- _Exercise description_:
Look through the listing below for the line with "Στιγμιότυπο από την" and the line with "Desde que assumiu". Copy both, along with every line between them, exactly and with no pictures.

- _Dataset_:
Segment Open
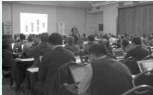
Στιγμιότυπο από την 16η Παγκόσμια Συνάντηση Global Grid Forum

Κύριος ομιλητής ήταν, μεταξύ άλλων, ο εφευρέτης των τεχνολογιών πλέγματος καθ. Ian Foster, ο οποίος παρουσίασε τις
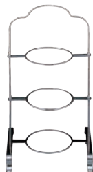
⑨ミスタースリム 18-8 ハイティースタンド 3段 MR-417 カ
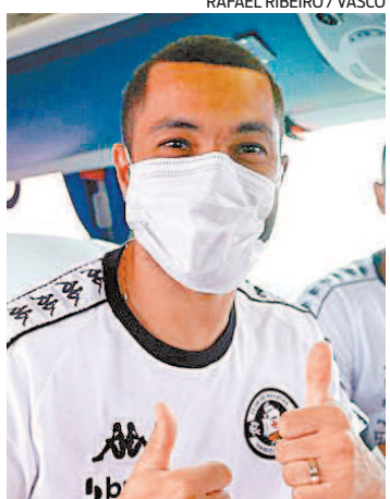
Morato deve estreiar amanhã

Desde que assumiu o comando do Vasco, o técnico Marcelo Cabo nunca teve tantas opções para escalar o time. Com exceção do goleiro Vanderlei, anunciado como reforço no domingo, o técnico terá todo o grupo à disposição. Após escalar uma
Segment Closed
Segment Open
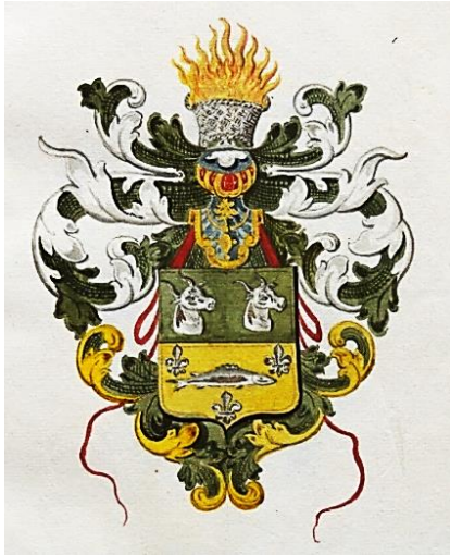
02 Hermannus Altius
Segment Closed
- _Problem solution_:
Στιγμιότυπο από την 16η Παγκόσμια Συνάντηση Global Grid Forum

Κύριος ομιλητής ήταν, μεταξύ άλλων, ο εφευρέτης των τεχνολογιών πλέγματος καθ. Ian Foster, ο οποίος παρουσίασε τις
⑨ミスタースリム 18-8 ハイティースタンド 3段 MR-417 カ
Morato deve estreiar amanhã

Desde que assumiu o comando do Vasco, o técnico Marcelo Cabo nunca teve tantas opções para escalar o time. Com exceção do goleiro Vanderlei, anunciado como reforço no domingo, o técnico terá todo o grupo à disposição. Após escalar uma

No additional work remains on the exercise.